* **What the task requires**
From the first line of the data down to and including the line with "Wolfpack #77 |", copy everything exactly, leaving out pictures.

* **Record set**
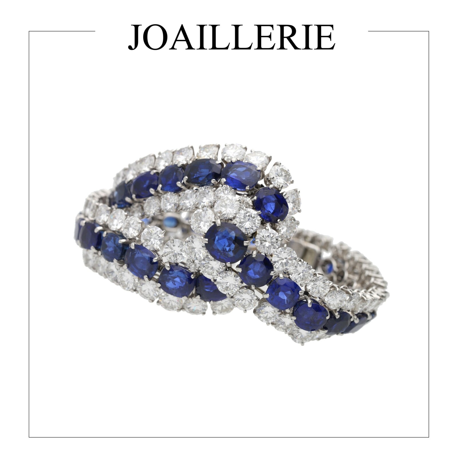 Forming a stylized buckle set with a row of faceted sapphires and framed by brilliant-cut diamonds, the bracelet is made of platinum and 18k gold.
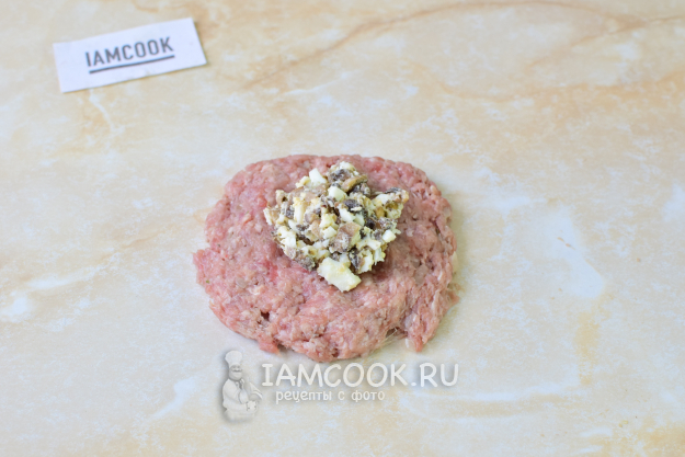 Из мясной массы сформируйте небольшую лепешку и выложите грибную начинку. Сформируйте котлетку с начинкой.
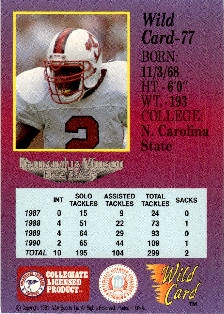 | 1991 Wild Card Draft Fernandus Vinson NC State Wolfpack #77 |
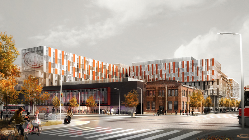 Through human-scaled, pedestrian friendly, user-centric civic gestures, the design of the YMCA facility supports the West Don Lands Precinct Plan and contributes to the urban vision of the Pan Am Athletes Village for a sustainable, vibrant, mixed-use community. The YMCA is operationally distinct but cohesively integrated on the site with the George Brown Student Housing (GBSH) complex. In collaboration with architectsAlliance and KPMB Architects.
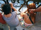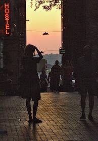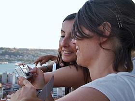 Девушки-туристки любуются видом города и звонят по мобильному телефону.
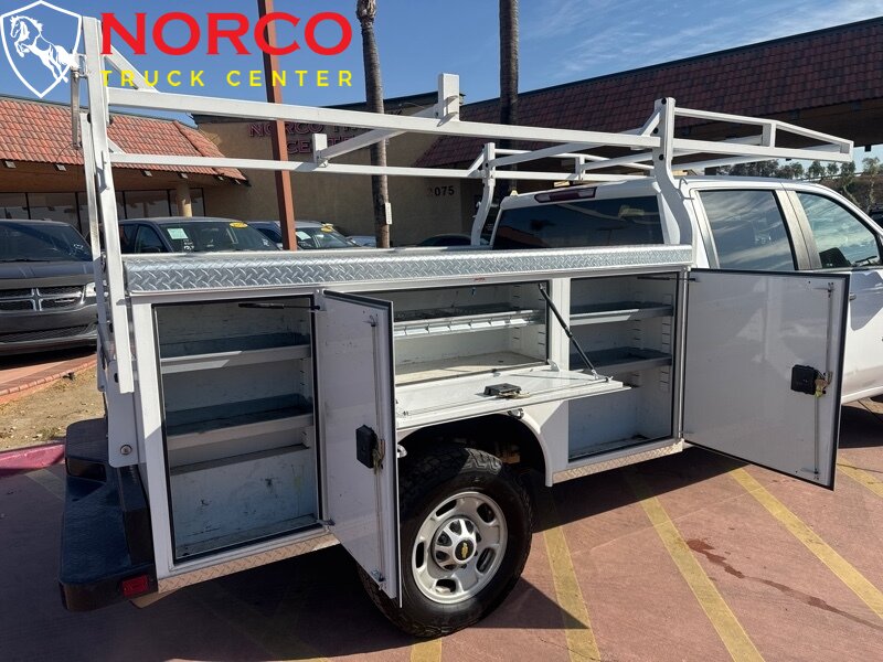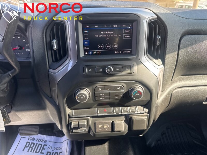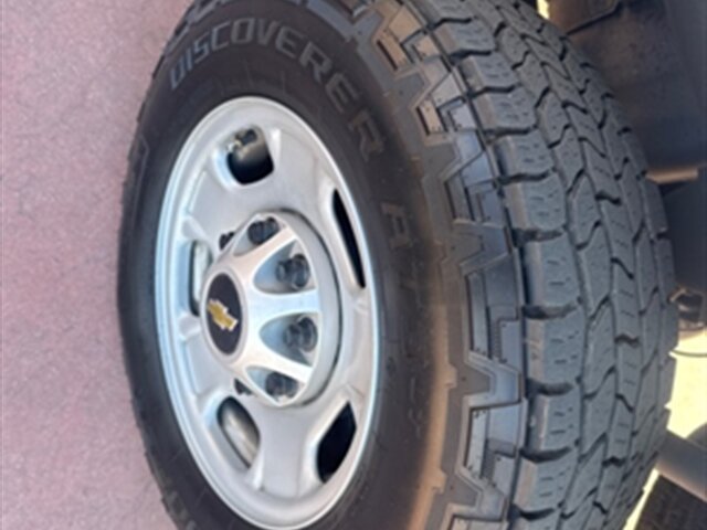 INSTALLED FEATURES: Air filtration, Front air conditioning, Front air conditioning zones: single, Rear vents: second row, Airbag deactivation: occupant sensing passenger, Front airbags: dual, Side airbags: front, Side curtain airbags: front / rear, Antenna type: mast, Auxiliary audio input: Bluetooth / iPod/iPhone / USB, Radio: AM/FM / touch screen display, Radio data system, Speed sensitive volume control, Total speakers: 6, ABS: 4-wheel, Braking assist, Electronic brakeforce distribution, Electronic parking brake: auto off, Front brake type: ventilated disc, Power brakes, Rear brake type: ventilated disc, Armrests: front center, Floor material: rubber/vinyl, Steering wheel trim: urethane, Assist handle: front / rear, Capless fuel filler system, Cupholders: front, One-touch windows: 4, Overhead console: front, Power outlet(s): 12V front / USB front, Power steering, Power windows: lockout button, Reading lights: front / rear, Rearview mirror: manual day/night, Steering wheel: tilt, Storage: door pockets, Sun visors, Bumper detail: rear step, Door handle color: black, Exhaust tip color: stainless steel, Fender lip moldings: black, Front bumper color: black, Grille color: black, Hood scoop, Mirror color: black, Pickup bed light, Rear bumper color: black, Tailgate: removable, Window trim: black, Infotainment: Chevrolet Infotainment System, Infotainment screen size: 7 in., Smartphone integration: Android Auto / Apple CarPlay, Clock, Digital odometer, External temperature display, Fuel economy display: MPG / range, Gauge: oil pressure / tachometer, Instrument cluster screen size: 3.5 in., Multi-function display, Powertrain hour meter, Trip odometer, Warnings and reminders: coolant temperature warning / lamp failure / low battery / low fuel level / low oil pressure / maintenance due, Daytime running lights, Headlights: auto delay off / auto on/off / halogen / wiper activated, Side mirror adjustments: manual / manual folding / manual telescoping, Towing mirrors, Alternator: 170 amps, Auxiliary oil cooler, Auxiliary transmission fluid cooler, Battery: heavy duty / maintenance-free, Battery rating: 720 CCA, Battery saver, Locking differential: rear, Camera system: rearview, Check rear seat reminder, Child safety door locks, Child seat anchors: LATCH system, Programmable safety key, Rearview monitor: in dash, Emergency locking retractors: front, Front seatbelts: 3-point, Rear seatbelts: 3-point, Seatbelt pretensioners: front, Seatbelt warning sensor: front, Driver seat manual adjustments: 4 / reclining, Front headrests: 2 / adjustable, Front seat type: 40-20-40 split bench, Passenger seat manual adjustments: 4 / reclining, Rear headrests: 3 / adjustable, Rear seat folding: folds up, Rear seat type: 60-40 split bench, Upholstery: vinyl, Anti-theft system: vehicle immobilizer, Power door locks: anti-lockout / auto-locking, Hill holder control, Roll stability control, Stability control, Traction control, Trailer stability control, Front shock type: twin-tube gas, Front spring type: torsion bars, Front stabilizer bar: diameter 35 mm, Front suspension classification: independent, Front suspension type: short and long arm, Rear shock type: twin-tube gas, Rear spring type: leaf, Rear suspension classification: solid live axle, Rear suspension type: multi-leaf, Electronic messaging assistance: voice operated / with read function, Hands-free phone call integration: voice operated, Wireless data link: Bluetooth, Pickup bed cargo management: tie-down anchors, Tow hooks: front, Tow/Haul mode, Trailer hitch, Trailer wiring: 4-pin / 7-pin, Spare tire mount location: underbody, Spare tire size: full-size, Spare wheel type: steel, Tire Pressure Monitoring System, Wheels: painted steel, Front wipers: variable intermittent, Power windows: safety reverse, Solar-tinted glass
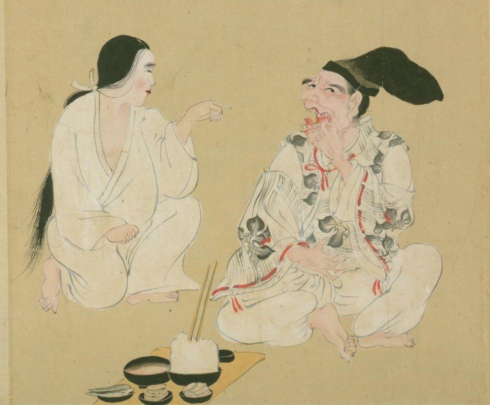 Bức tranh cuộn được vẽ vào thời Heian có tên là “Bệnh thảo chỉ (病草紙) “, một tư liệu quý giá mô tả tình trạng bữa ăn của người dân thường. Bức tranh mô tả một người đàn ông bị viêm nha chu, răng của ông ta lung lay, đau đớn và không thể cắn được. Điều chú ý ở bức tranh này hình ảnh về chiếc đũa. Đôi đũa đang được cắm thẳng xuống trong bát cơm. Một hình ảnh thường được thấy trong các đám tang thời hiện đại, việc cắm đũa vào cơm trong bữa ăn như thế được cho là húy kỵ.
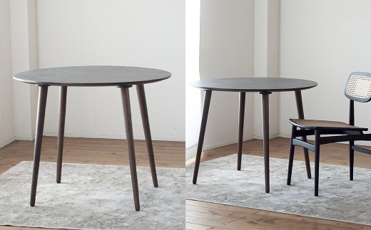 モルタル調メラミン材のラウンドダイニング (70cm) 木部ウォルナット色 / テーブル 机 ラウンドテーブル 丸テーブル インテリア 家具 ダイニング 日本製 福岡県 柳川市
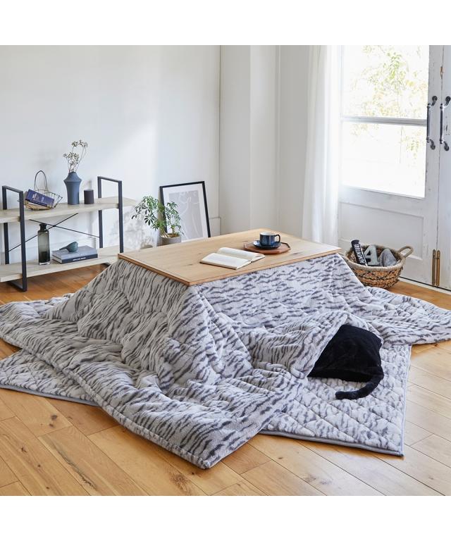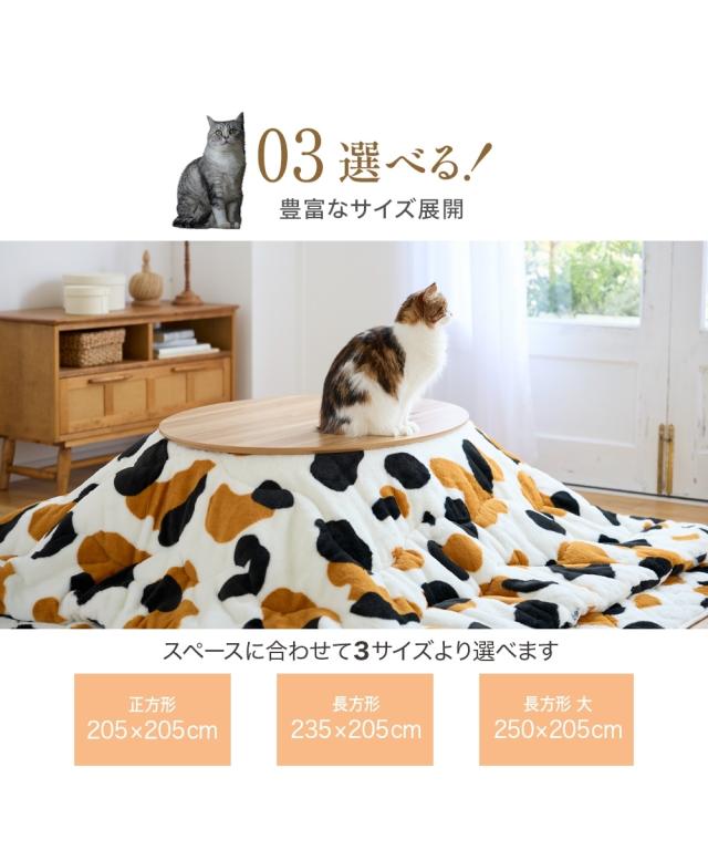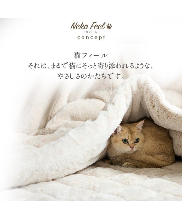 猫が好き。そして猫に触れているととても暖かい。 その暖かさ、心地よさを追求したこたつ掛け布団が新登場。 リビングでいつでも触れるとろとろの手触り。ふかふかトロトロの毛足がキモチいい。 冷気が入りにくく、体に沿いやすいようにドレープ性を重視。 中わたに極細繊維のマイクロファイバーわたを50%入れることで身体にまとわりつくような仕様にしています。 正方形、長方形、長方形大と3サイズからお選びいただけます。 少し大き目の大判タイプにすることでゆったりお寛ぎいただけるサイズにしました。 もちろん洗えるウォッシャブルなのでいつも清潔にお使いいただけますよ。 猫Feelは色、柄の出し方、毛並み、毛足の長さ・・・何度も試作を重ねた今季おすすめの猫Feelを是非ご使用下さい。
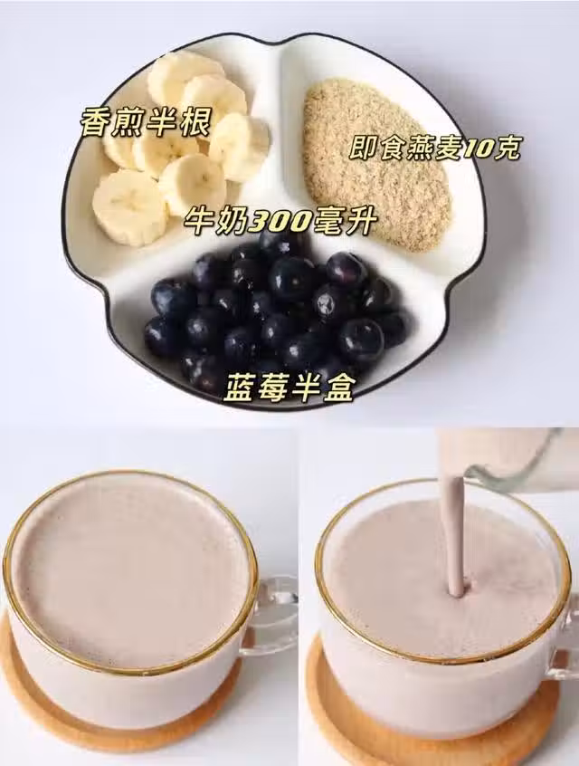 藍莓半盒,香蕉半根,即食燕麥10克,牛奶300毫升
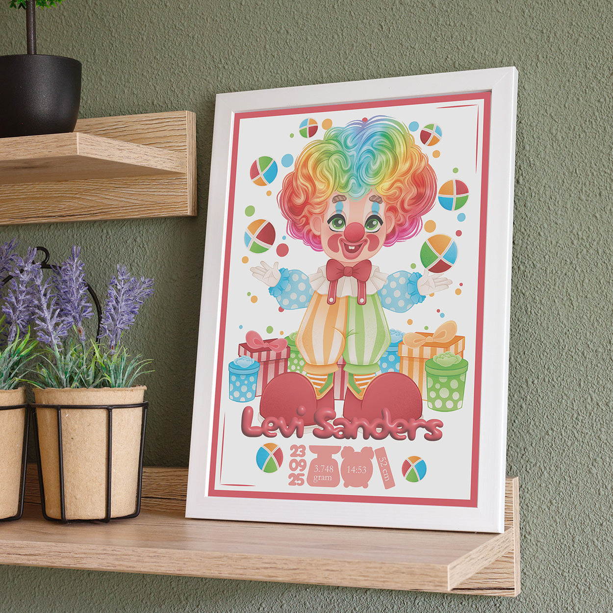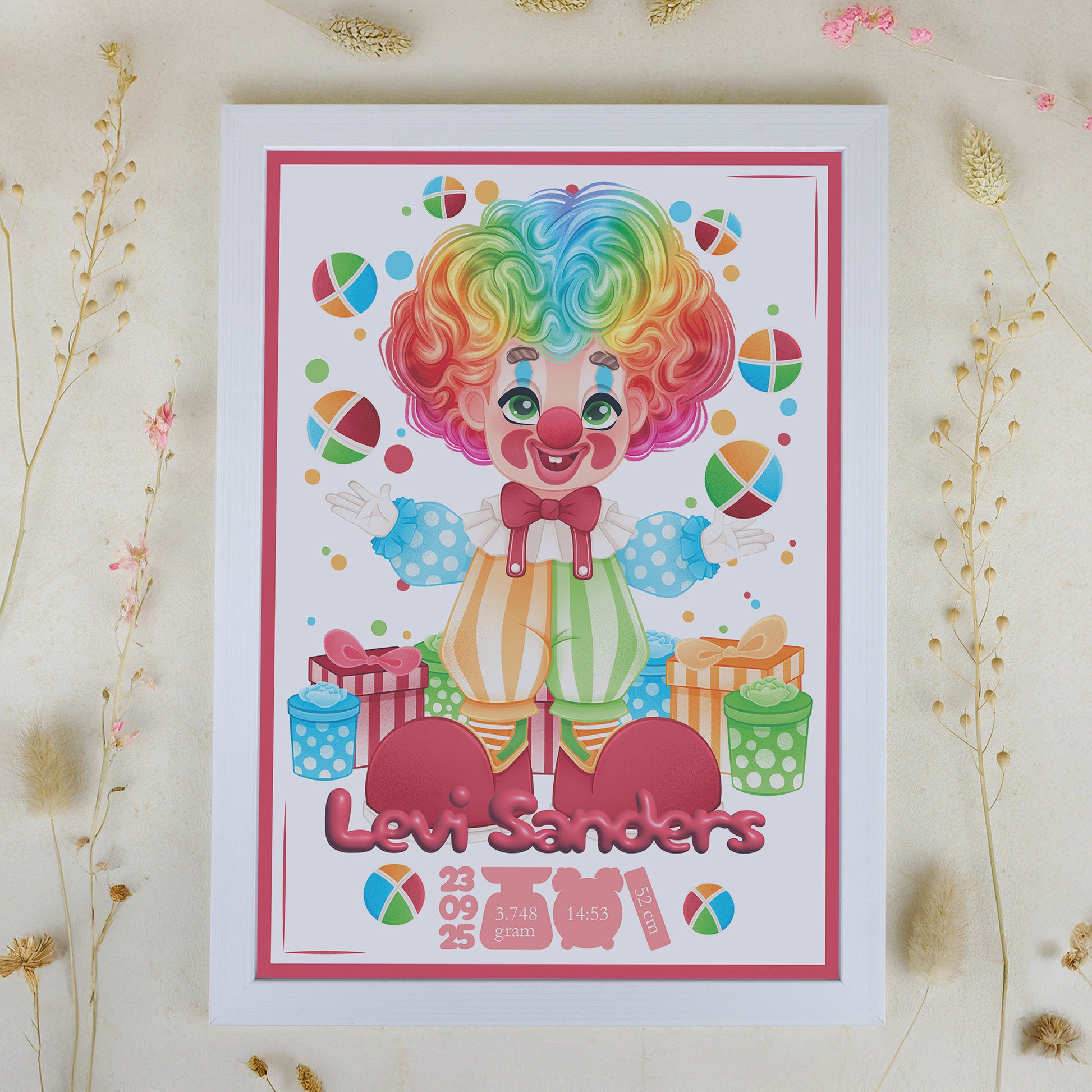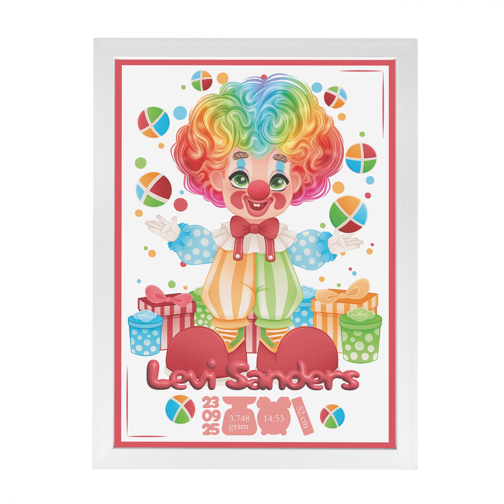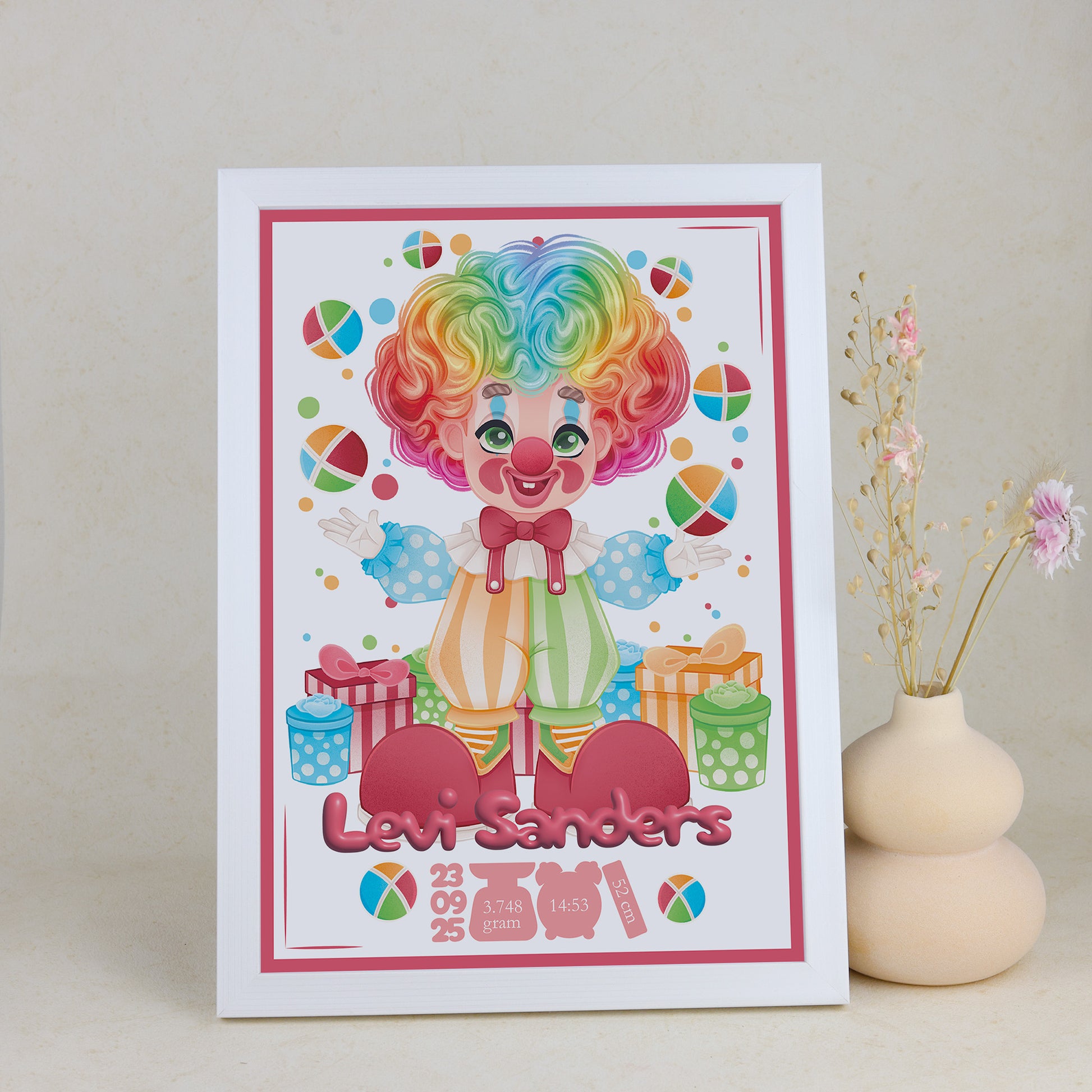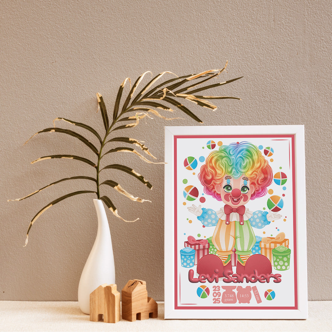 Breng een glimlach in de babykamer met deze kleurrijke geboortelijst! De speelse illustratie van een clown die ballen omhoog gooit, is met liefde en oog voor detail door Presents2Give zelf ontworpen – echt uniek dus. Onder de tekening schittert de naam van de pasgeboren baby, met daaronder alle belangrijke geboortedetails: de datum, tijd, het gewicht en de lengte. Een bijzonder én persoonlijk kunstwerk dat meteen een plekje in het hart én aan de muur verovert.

* **Output for this exercise**
 Forming a stylized buckle set with a row of faceted sapphires and framed by brilliant-cut diamonds, the bracelet is made of platinum and 18k gold.
 Из мясной массы сформируйте небольшую лепешку и выложите грибную начинку. Сформируйте котлетку с начинкой.
 | 1991 Wild Card Draft Fernandus Vinson NC State Wolfpack #77 |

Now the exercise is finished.